#### HOW TO COMPLETE THIS TASK:
Pictures are to be left out. Return exactly the lines below from the one with "Moomba’s AutoFlow Surf" up to and including the one with "Although not technically".

── ENTRIES SHOWN

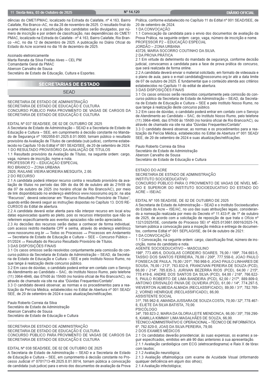 O Instituto Socioeducativo do Estado do Acre (ISE/AC), em parceria com a Secretaria de Estado de Administração (Sead), publicou nesta sexta-feira, 03, o Edital nº 105 que convoca novos aprovados no concurso público para cargos de nível médio e superior. A convocação ocorre após a publicação do Decreto nº 11.433-P, que autorizou a nomeação de candidatos para reposição de vagas.
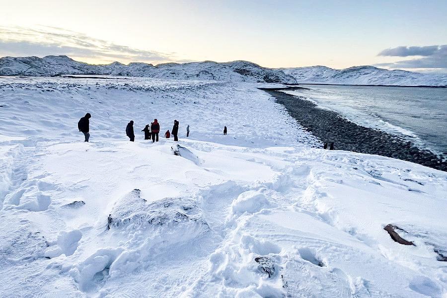 13:30 - Продолжение экскурсии. Мы сделаем остановку на кладбище заброшенных кораблей, затопленных в небольшой бухте, в санях за снегоходом совершим поездку к побережью и замерзшему водопаду, впадающему в Северный Ледовитый океан. Сделаем великолепные селфи на обрыве отвесной скалы, уходящей в морскую пучину.
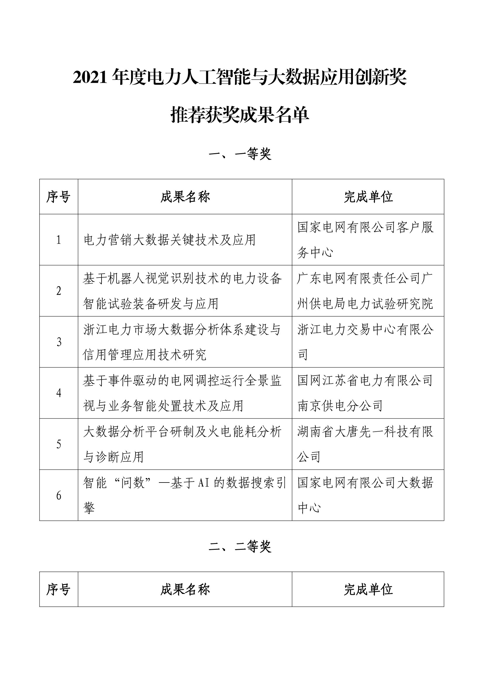 附件:2021年度電力人工智能與大數(shù)據(jù)創(chuàng)新應(yīng)用成果獎獲獎名單
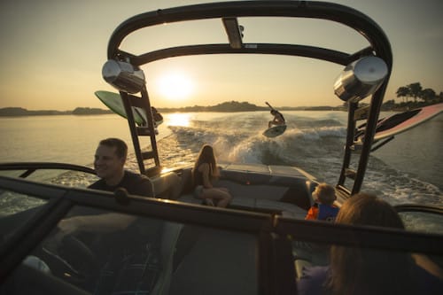Moomba’s AutoFlow Surf harnesses the flow of water at surf speeds with the surf-optimized running surfaces of the Moomba Mondo, Mobius LSV, and the all New 23′ Mojo. Just touch the switch and in a blink of an eye the AutoFlow produces pro level wave shapes for you and your friends to carve on.
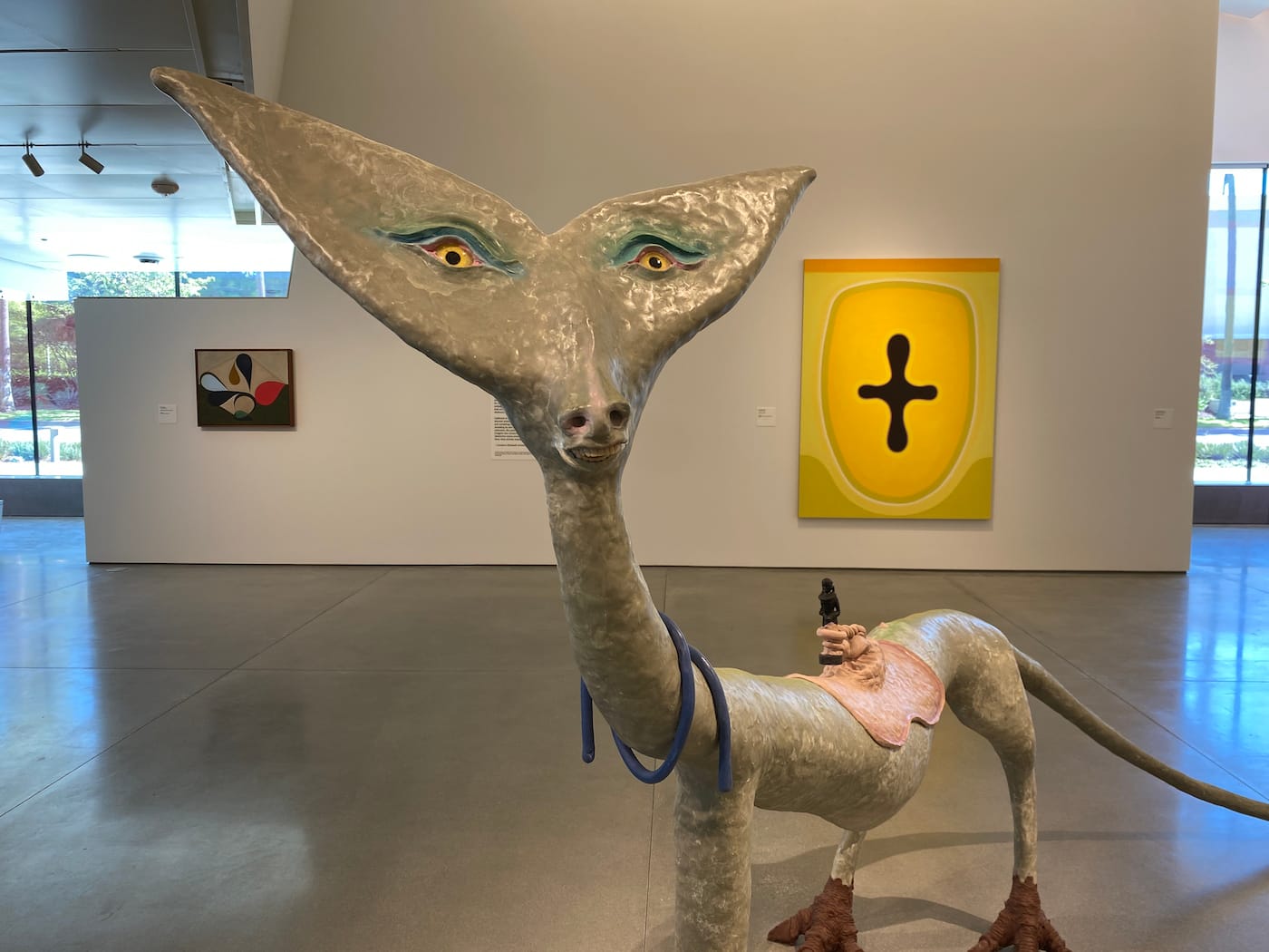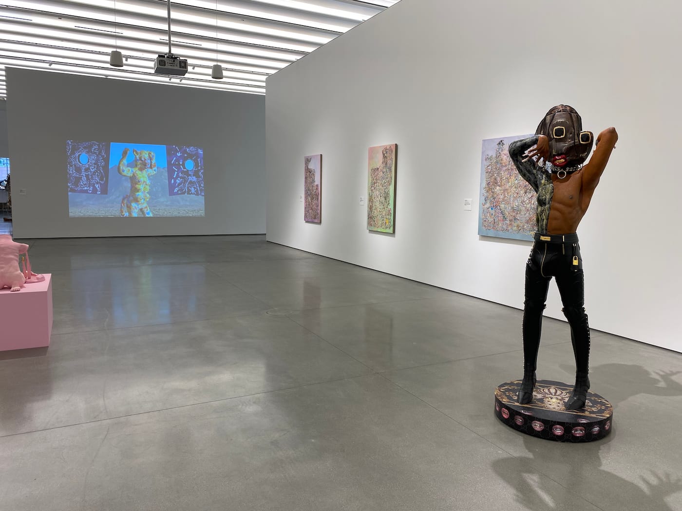 Although not technically part of the biennial, a commissioned sculpture by Sanford Biggers, “Of Many Waters…,” seems of a piece, welcoming visitors from its perch in the elevated plaza. Made up of shimmering sequins reminiscent of roadside signage common in Southern California, it depicts a reclining figure holding a cornucopia, its head made up of two African masks. This sense of inclusive multiplicity is at the heart of the museum’s mission according to Zuckerman. “People want to be able to see themselves in the institution,” she said.
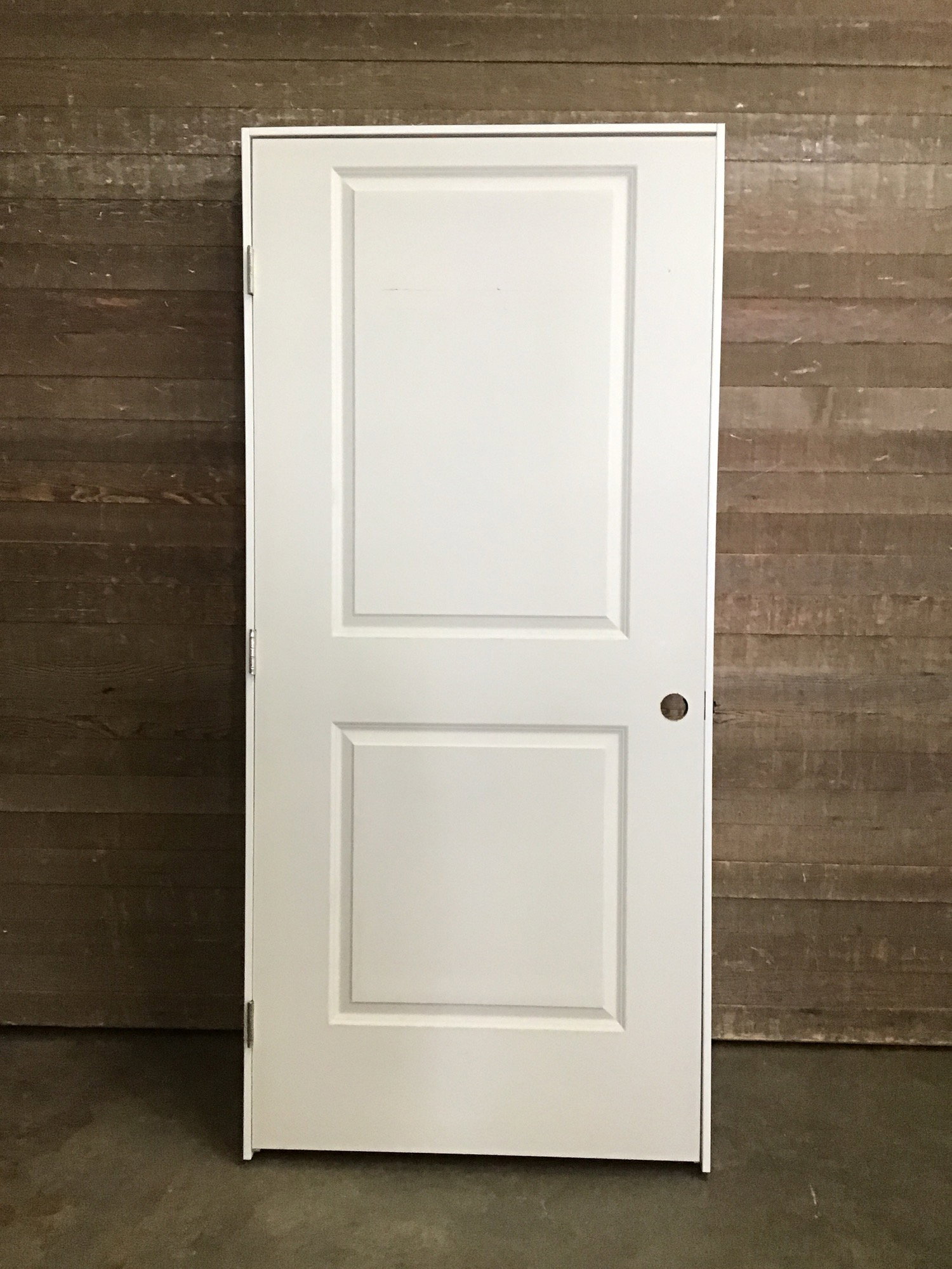 New, never installed 36" hollow core faux two raised panel door prehung in an MDF jamb. This door is primed and ready to paint the color of your choice. Right hand swing hinge cuts and a bore hole. There may be some minor cosmetic damage. Photo may be representative.

────

#### SOLUTION TO THIS TASK:
Moomba’s AutoFlow Surf harnesses the flow of water at surf speeds with the surf-optimized running surfaces of the Moomba Mondo, Mobius LSV, and the all New 23′ Mojo. Just touch the switch and in a blink of an eye the AutoFlow produces pro level wave shapes for you and your friends to carve on.
 Although not technically part of the biennial, a commissioned sculpture by Sanford Biggers, “Of Many Waters…,” seems of a piece, welcoming visitors from its perch in the elevated plaza. Made up of shimmering sequins reminiscent of roadside signage common in Southern California, it depicts a reclining figure holding a cornucopia, its head made up of two African masks. This sense of inclusive multiplicity is at the heart of the museum’s mission according to Zuckerman. “People want to be able to see themselves in the institution,” she said.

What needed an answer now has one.